Make A Right – Willa Okati
I was torn over even purchasing this book, especially when I saw the steep price (thank you for coupons), but being an Okati fan, it was just too hard to pass up. The story begins somewhat abruptly with two former lovers, crossing paths. Their 10-year history together is uncovered slowly throughout the book, but the premise is that they need to join forces to attend their friends (from their foster home) wedding. The story line itself – everything from how they met, their relationship, the premise for them coming back together, and the random characters, were a bit far-fetched and felt somewhat arbitrary at times. However, when you’re able to weed through the confusing plot turns and random dialogue and revelations, these characters evoked great emotion and passion throughout – and this fact alone, is why I’ve given it the rating I have.
The personalities between the two main characters were as different as night and day, but each loved the other in his own way, which made it sometimes painful to read (think tears), and other times almost comical. Tuck was, by far, the more relatable character and made this read worth it. I don’t think that any of this would happen in real life, nor do I agree that anyone would give in to someone who hurt them for TEN YEARS, but in this book, it seemed to happen to wrap up the story quickly.

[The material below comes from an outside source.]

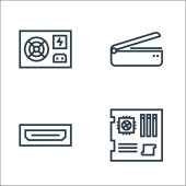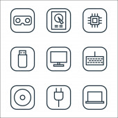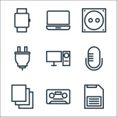 ikony linii sprzętu i gadżetów. zestaw liniowy. wysokiej jakości zestaw linii wektorowych, takich jak iwatch, drukarka, przewód zasilający, inteligentny zegarek, kamera wideo, dysk twardy, monitor TV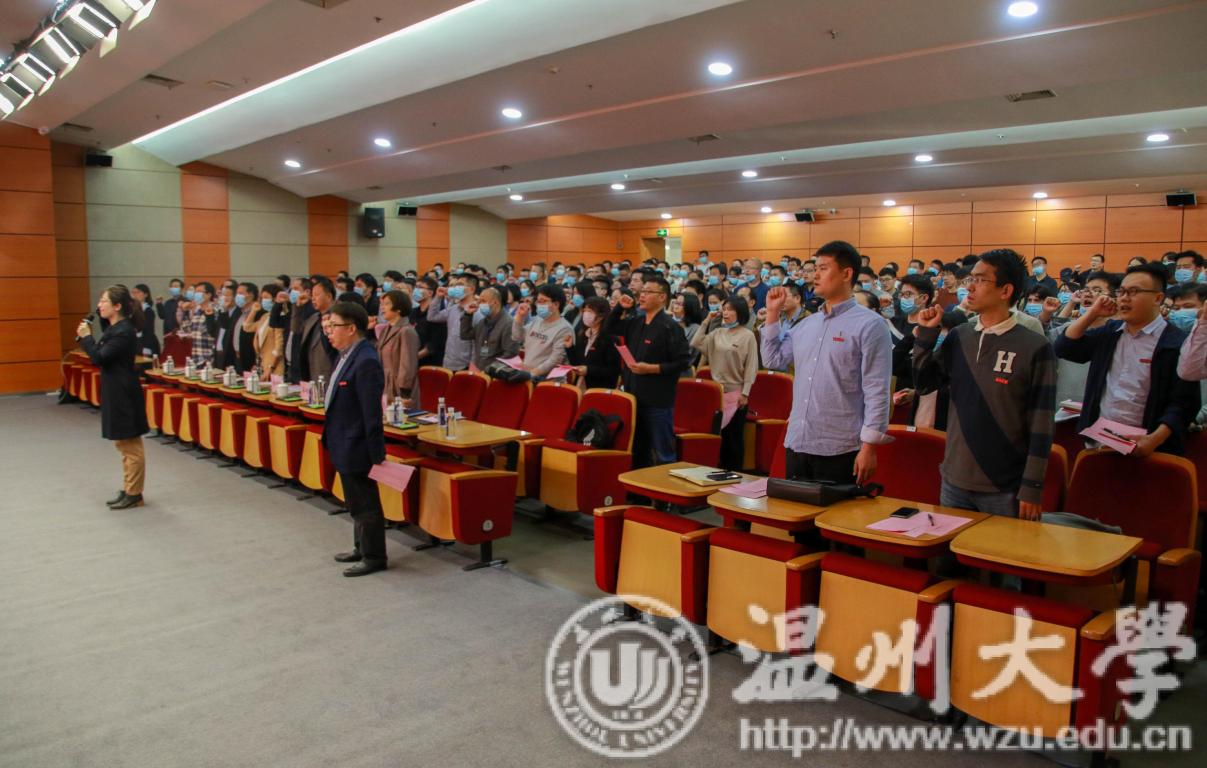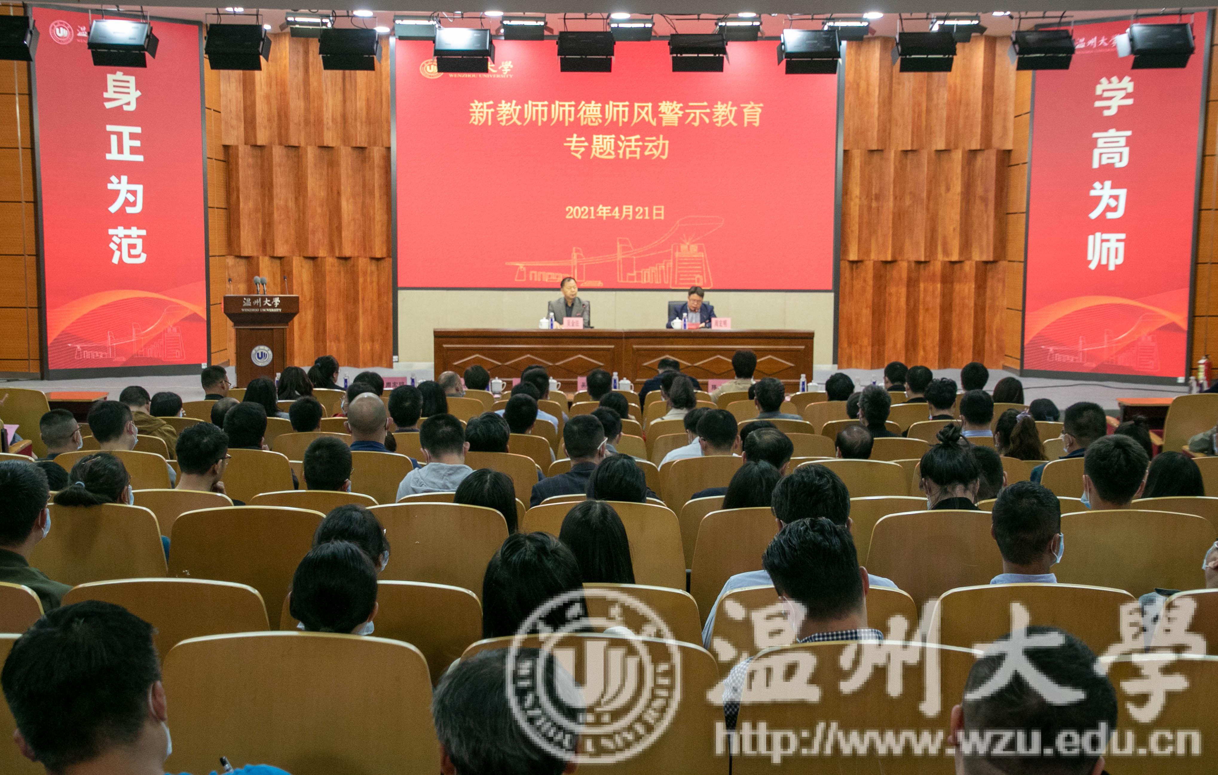 4月21日下午,beat365在岩松堂雁山厅组织新教师师德师风警示教育专题活动。校党委副书记吴金法出席,党委宣传部、纪检监察室、计财处、教师教学发展中心等相关职能部门负责人以及近三年来校的教师共260多人参加会议。

The sex between them, when it happened, was a bit all over the place. The first encounter felt shameful, but after that, while there were regrets, the sex was filled was passion, thus, evoking even more emotion than their encounters evoked. Very vanilla sex, but you could feel their passion and wacky love for each other and it brought them even closer.
Out of four…
Overall Read: ♥♥
Sex Heat: ♥♥
Overall, I would recommend this book if you’re a Okati fan, or if you’re looking for some strong emotions in your story (and can overlook some random things thrown in). I was impressed by the level of heartfelt connection throughout, but there are definitely some plot issues that would make it difficult for a plot-driven reader to overlook.